**Data for the task:**
=== Begin Enclosure ===

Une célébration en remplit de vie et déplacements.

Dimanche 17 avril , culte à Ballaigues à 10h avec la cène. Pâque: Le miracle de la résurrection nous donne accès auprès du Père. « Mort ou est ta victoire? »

=== End Enclosure ===
=== Begin Enclosure ===

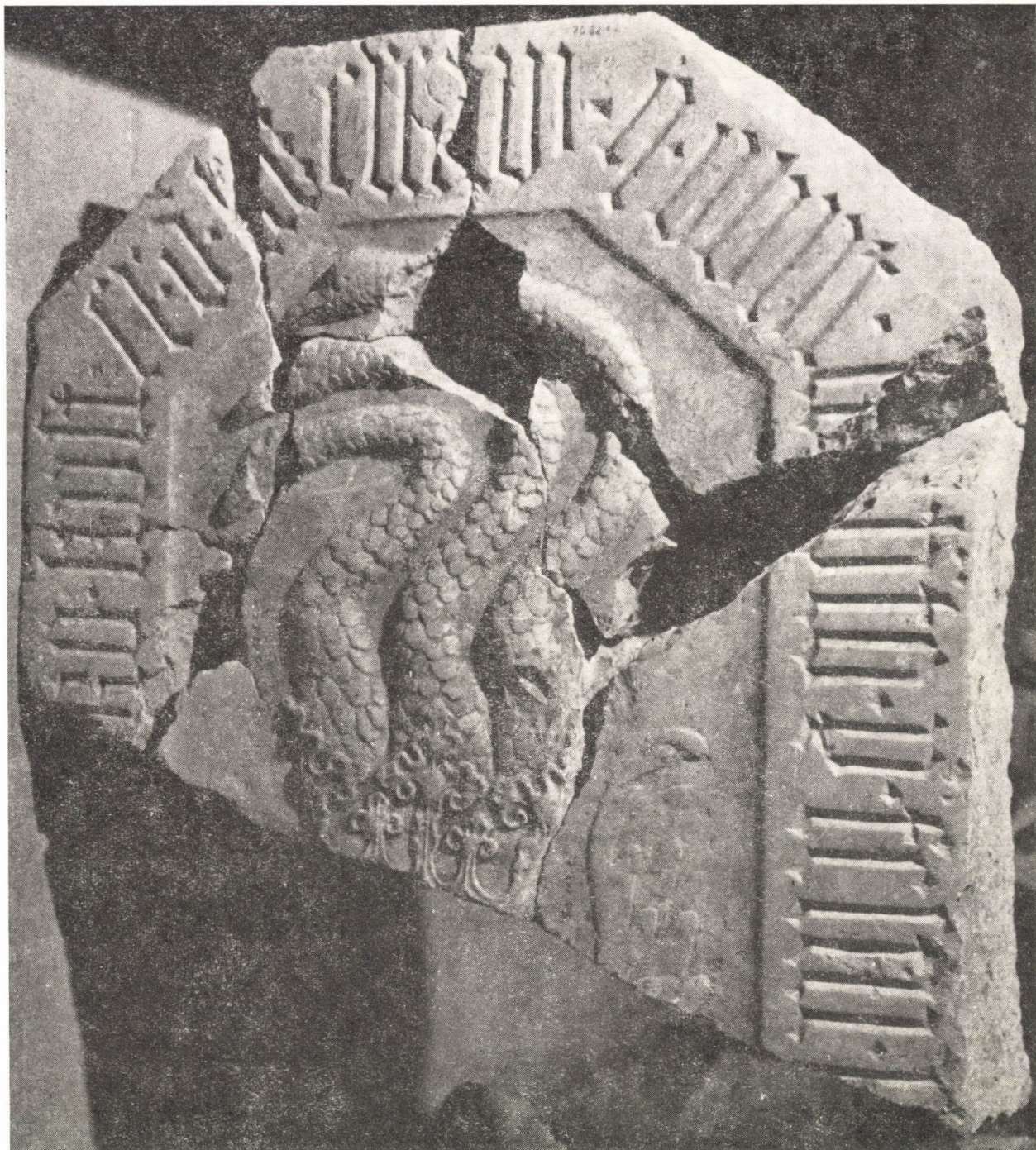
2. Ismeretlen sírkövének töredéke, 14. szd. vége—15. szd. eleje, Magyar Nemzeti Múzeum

=== End Enclosure ===

**Activity:** In the listing above, find the line holding "Une célébration en" and the line holding "Dimanche 17 avril", then output those two lines and every line between them exactly.

**Solution for this problem:**
Une célébration en remplit de vie et déplacements.

Dimanche 17 avril , culte à Ballaigues à 10h avec la cène. Pâque: Le miracle de la résurrection nous donne accès auprès du Père. « Mort ou est ta victoire? »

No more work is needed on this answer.